YOUR GOAL –
The pictures get dropped, while every remaining part of the listing is copied exactly.

GIVEN MATERIAL –

------------------------------------------------------------

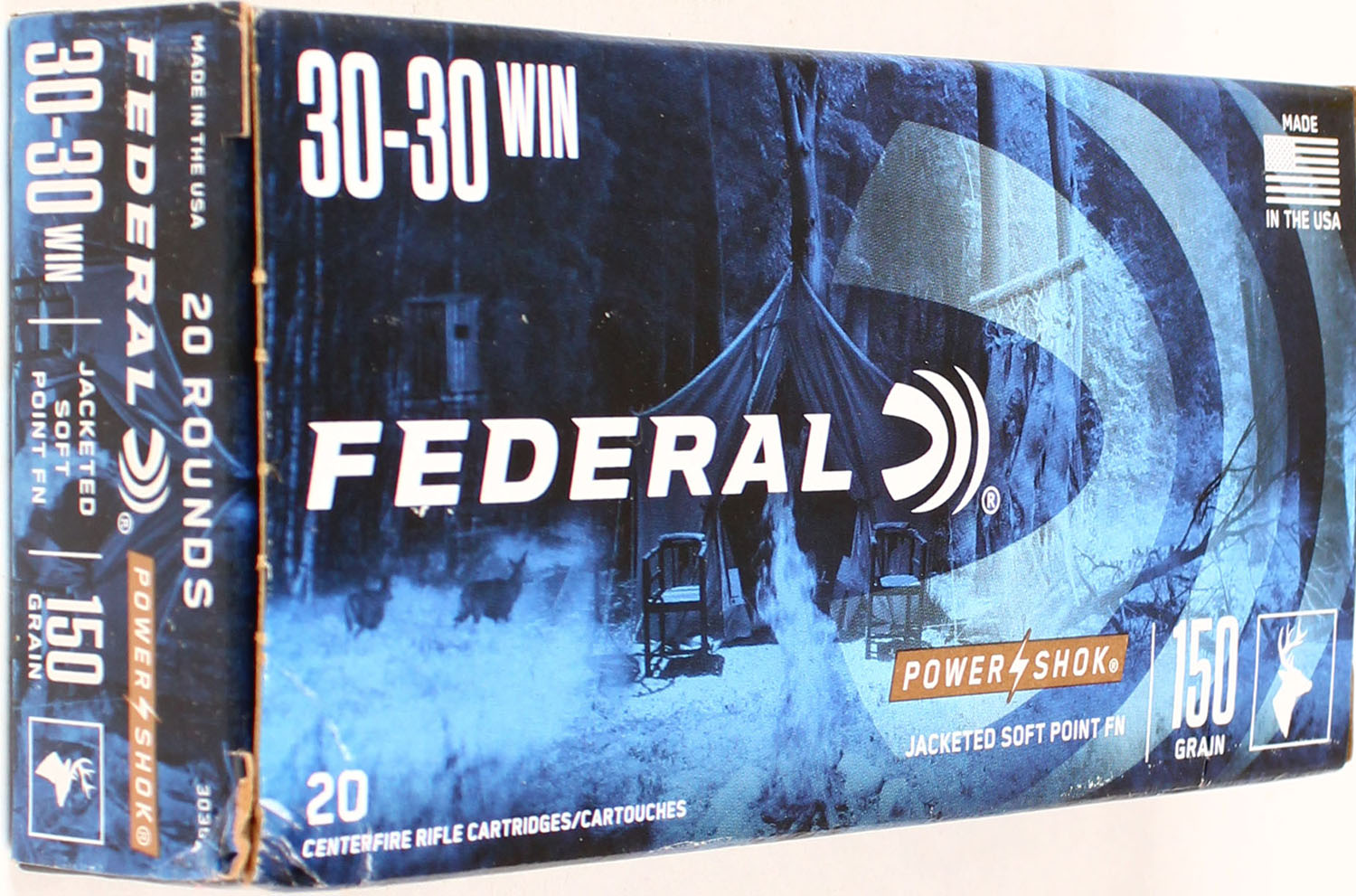Federal, Power Shok, 30-30 Win, 150 Grain Jacketed Soft Point FN, Full, 1pc. multi-colored box, box is solid with excellent color, Ammo is excellent. Grade: Excellent ++ - Value: 20 to 80
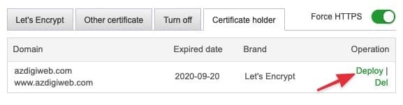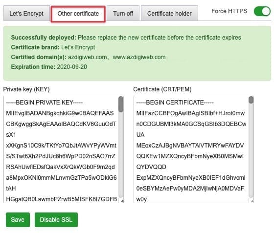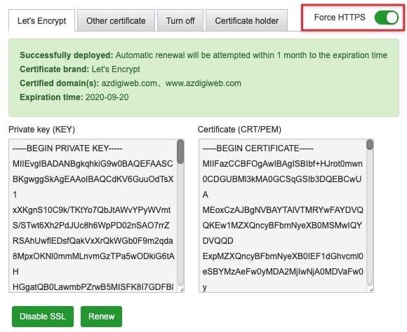 Once done, it will display a message with detailed information about the certificate’s expiration date, as well as the private key and certificate. At this point, you should enable Force HTTPS so that the website automatically switches back to HTTPS protocol when accessing the browser.
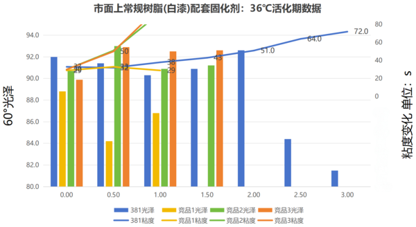 搭配市面上常规树脂 与市面上同类固化剂的活化期对比:
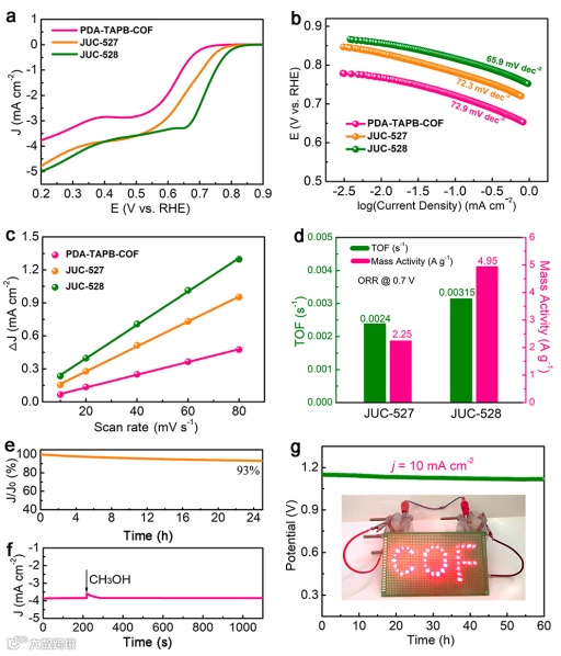(a) LSV (at 1600 rpm) curves of PDA-TAPB-COF,JUC-527, and JUC-528 in O2-saturated 0.1 M KOH electrolyte.

------------------------------------------------------------

YOUR RESPONSE –
Federal, Power Shok, 30-30 Win, 150 Grain Jacketed Soft Point FN, Full, 1pc. multi-colored box, box is solid with excellent color, Ammo is excellent. Grade: Excellent ++ - Value: 20 to 80
 Once done, it will display a message with detailed information about the certificate’s expiration date, as well as the private key and certificate. At this point, you should enable Force HTTPS so that the website automatically switches back to HTTPS protocol when accessing the browser.
 搭配市面上常规树脂 与市面上同类固化剂的活化期对比:
(a) LSV (at 1600 rpm) curves of PDA-TAPB-COF,JUC-527, and JUC-528 in O2-saturated 0.1 M KOH electrolyte.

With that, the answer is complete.